[[ COLLECTED MATERIAL, beginning ]]
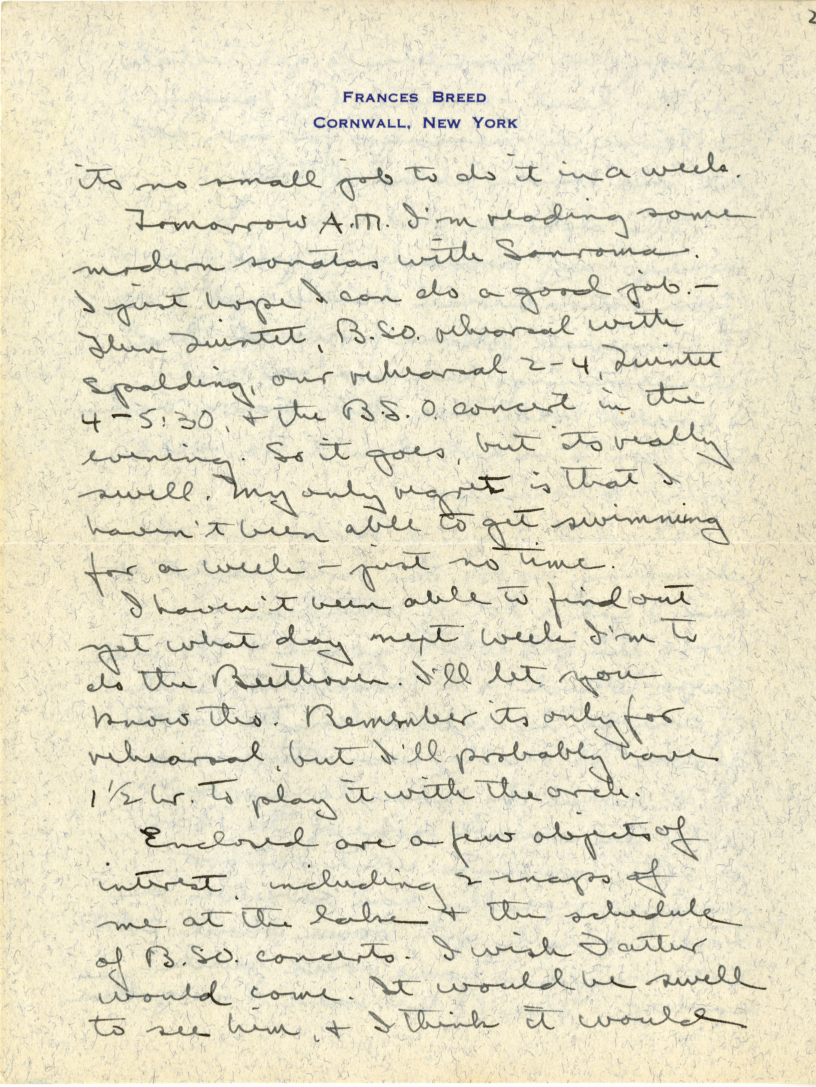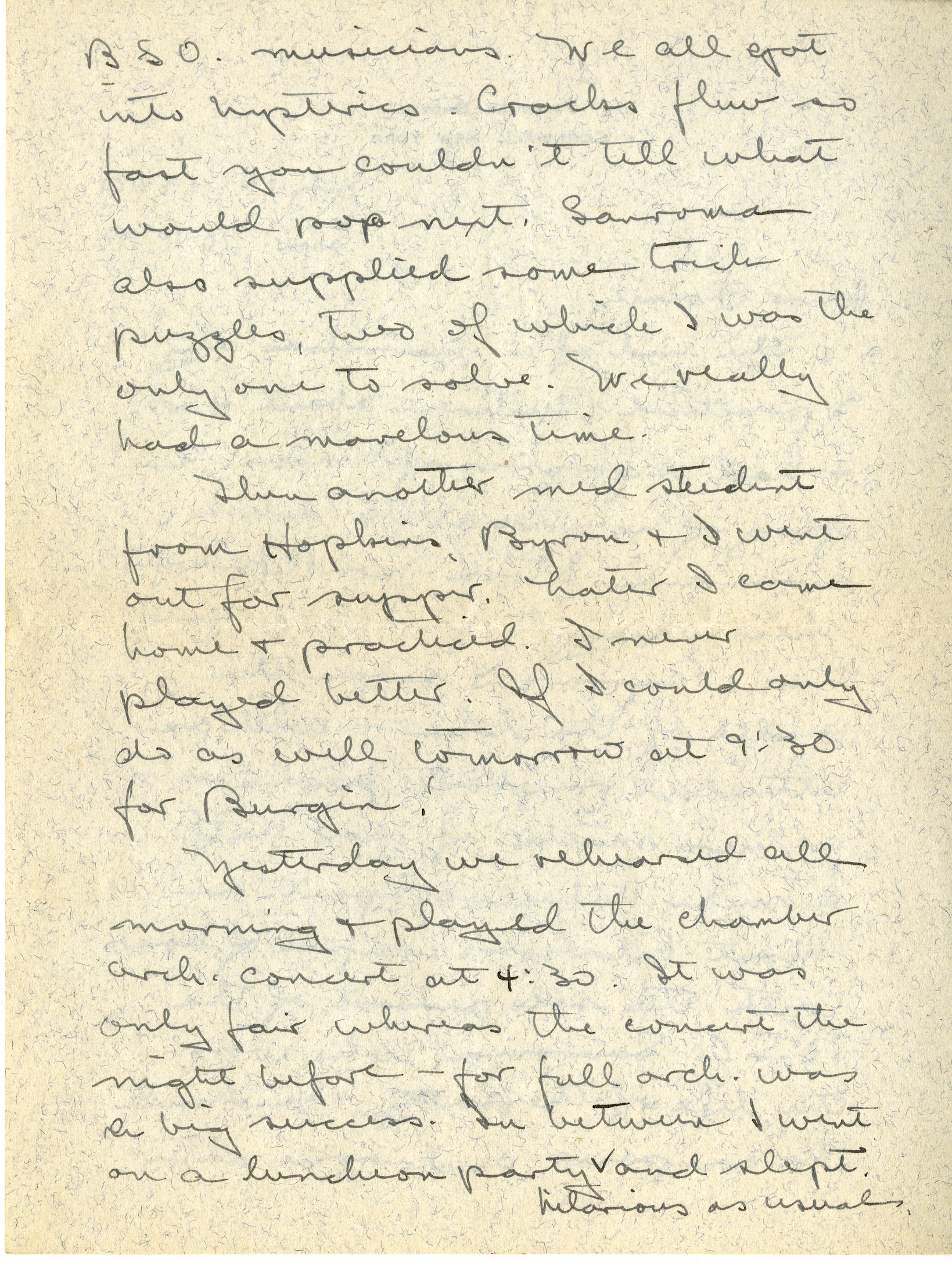 Tomorrow A.M. I’m reading some modern sonatas with Sanroma. I just hope I can do a good job. -Then Quintet [sic], B.S.O. rehearsal with Spalding, our rehearsal 2-4, Quintet 4-5:30, & the B.S.O. concert in the evening. So it goes, but its really swell. My only regret is that I haven’t been able to get swimming for a week – just no time.
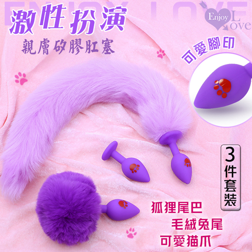 首頁 > SM情趣用品 > 激性裝扮 > Enjoy Love ‧ 激性扮演 ‧ 狐狸尾巴/毛絨兔尾/可愛貓爪腳印親膚矽膠肛塞 3件套裝﹝紫﹞
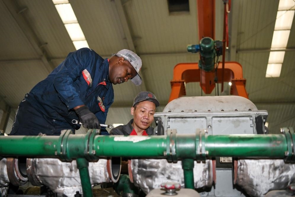 2023年7月4日,中國中車駐肯員工和肯方員工在肯尼亞內(nèi)羅畢的蒙內(nèi)鐵路機(jī)車維保車間工作。
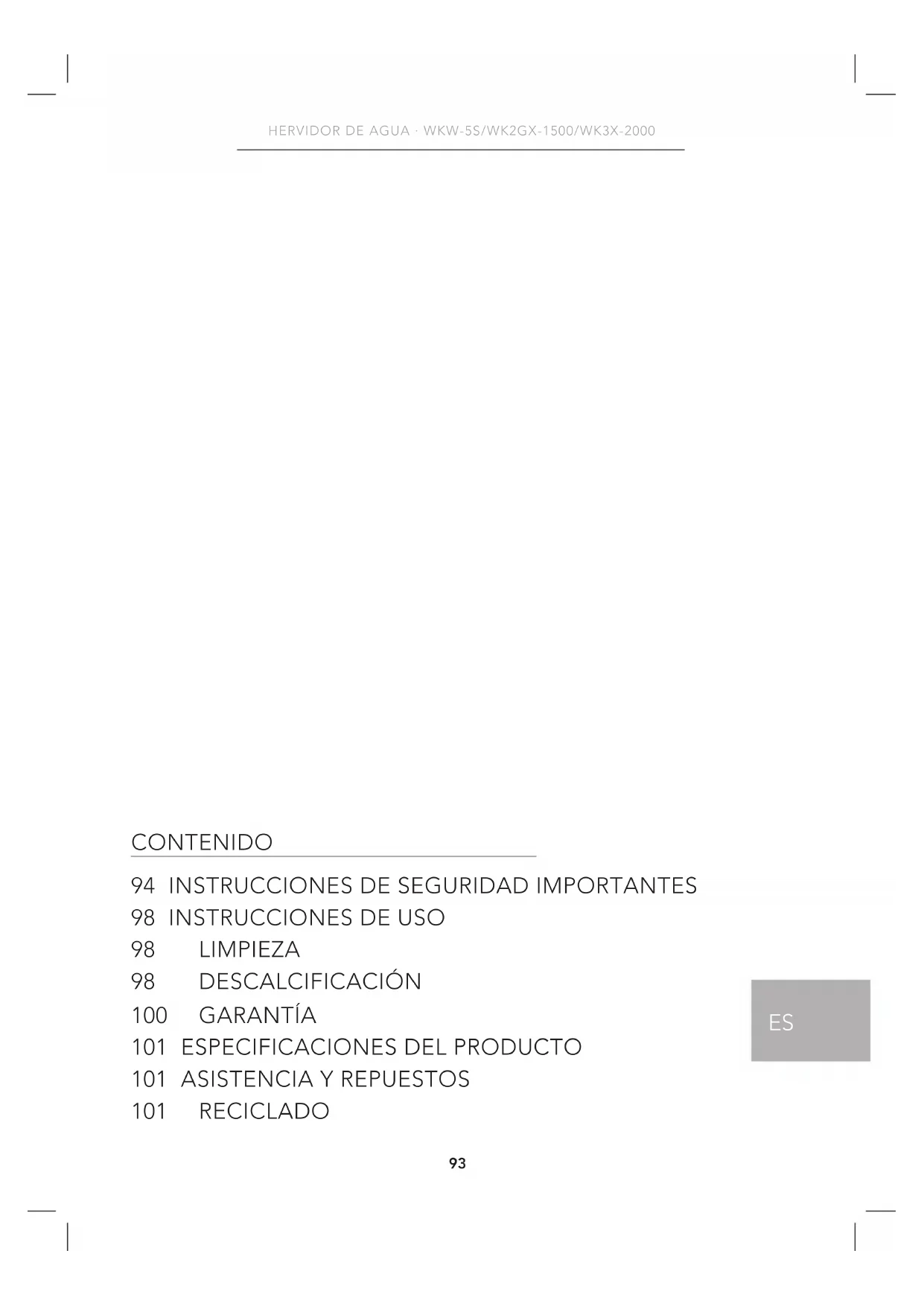Si necesita asistencia, visite wilfa.com y consulte nuestra página de asistencia/ atención al cliente. Aquí encontrará preguntas frecuentes, repuestos, consejos y trucos, así como nuestra información de contacto. RECICLADO Esta marca indica que el producto no debe eliminarse junto con otros residuos domésticos en toda la UE. Para evitar posibles daños en el medio ambiente o la salud por la eliminación incontrolada de residuos, recicle de forma responsable para fomentar la reutilización sostenible de los recursos materiales. Para devolver el producto usado, utilice los sistemas de devolución y recogida o póngase en contacto con el distribuidor donde lo adquirió. Ellos podrán llevar este producto a un punto de reciclaje seguro para el medio ambiente de forma gratuita.102
[[ COLLECTED MATERIAL, end ]]
> _ASSIGNMENT_:
Write out again exactly the lines above from the one with "首頁 > SM情趣用品" through the one with "2023年7月4日,中國中車", adding no other lines and no pictures.

> _WRITTEN SOLUTION_:
 首頁 > SM情趣用品 > 激性裝扮 > Enjoy Love ‧ 激性扮演 ‧ 狐狸尾巴/毛絨兔尾/可愛貓爪腳印親膚矽膠肛塞 3件套裝﹝紫﹞
 2023年7月4日,中國中車駐肯員工和肯方員工在肯尼亞內(nèi)羅畢的蒙內(nèi)鐵路機(jī)車維保車間工作。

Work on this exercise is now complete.